As the number of layers increases and effects become computationally more complex, real-time previews are no longer practical. In this case, the editor can choose to render all, or portions, of a project. While making this choice might seem to open the door to generation loss, it does not.
Final Cut Pro offers an editor the option of selecting Apple's “uncompressed quality” ProRes 422 HQ as the render codec. (See Figure 3.) Generation loss caused by re-encoding to a long-GOP codec is prevented. A render file can be played back for a smooth preview, or combined with new video and/or effects.
Transfer from and to NLEs
While video transfer to Apple's Color application can be long-GOP MPEG-2, during color correction, data are decoded to 4:2:2 video. Color correction is never performed with MPEG-2. Color corrected results are returned to Final Cut Pro using ProRes 422 HQ.
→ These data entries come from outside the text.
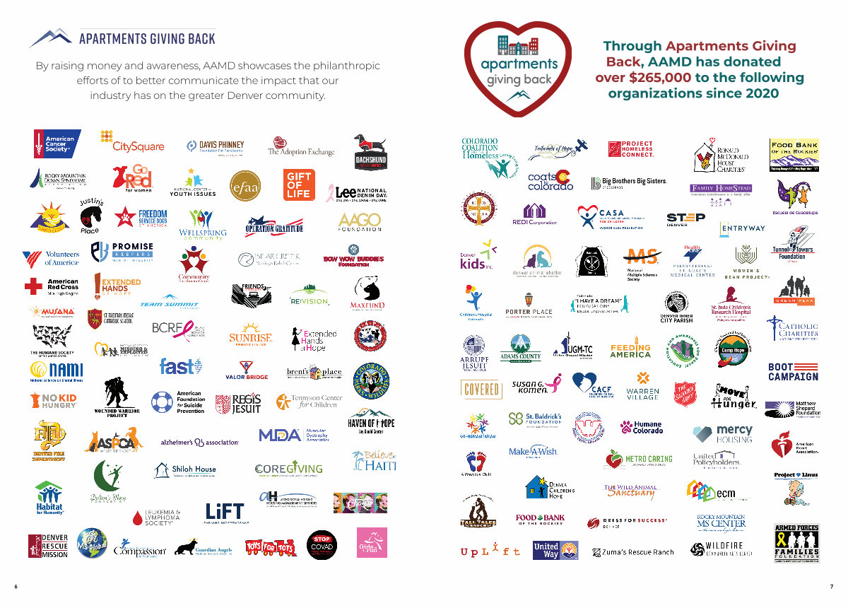 Through Apartments Giving Back, AAMD has donated over $ 265,000 to the following organizations since 2020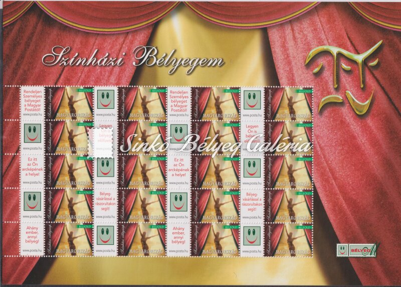 Leírás | 2011. Színházi bélyegem - értékjelzés nélküli hajtatlan teljes ív / 2011. My Theatre stamp - without denomination unfolded full sheet |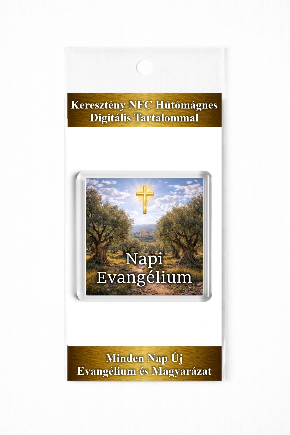 A Napi evangélium – NFC hűtőmágnes használata rendkívül egyszerű: érintse hozzá mobiltelefonját a hűtőmágneshez, és készüléke automatikusan megnyitja a termékhez tartozó weboldalt. Az oldal egy letisztult, könnyen áttekinthető digitális felületen jelenik meg, ahol minden nap egy új evangéliumi részlet olvasható az Újszövetségből.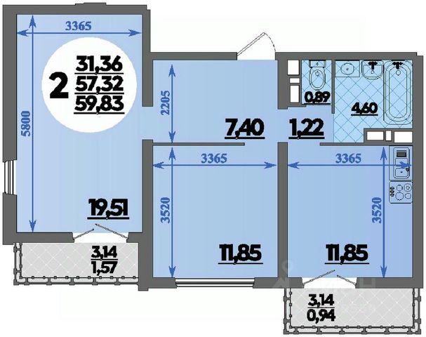 • Санузел под ключ: ванна с декоративным экраном, удобная раковина с пьедесталом, смесители, полотенцесушитель. На полу керамогранит

This same procedure can be used to transfer segments from Final Cut Pro (or Media Composer) to another application. Working this way saves the needless conversion of hundreds of hours of source material to an intermediate codec. Transfer back is via ProRes 422 HQ to Final Cut Pro or Avid's mastering quality DN×HD codec to Media Composer.
Export
Long-GOP generation loss during export is prevented because Final Cut Pro always generates each export frame from source files. Render files are not used. (See Figure 4.) With an Avid Media Composer, deleting precomputes before export prevents render files from being used during export — even though they use DNxHD or DVCPRO HD codecs.
Given the fear, uncertainty and doubt that has too long existed around long-GOP MPEG-2, is there a scenario in which generation loss can occur from natively editing long-GOP MPEG-2? Yes. Were an editor to not export an HD master to HDCAM SR, HDCAM, XDCAM 422HD, D5 or tape-based DVCPRO HD and instead export to a tape format that employs long-GOP MPEG-2, then the master would indeed be second-generation long-GOP MPEG-2. However, formats such as HDV are rarely accepted as master tapes.
Steve Mullen is owner of Digital Video Consulting, which provides consulting and conducts seminars on digital video technology.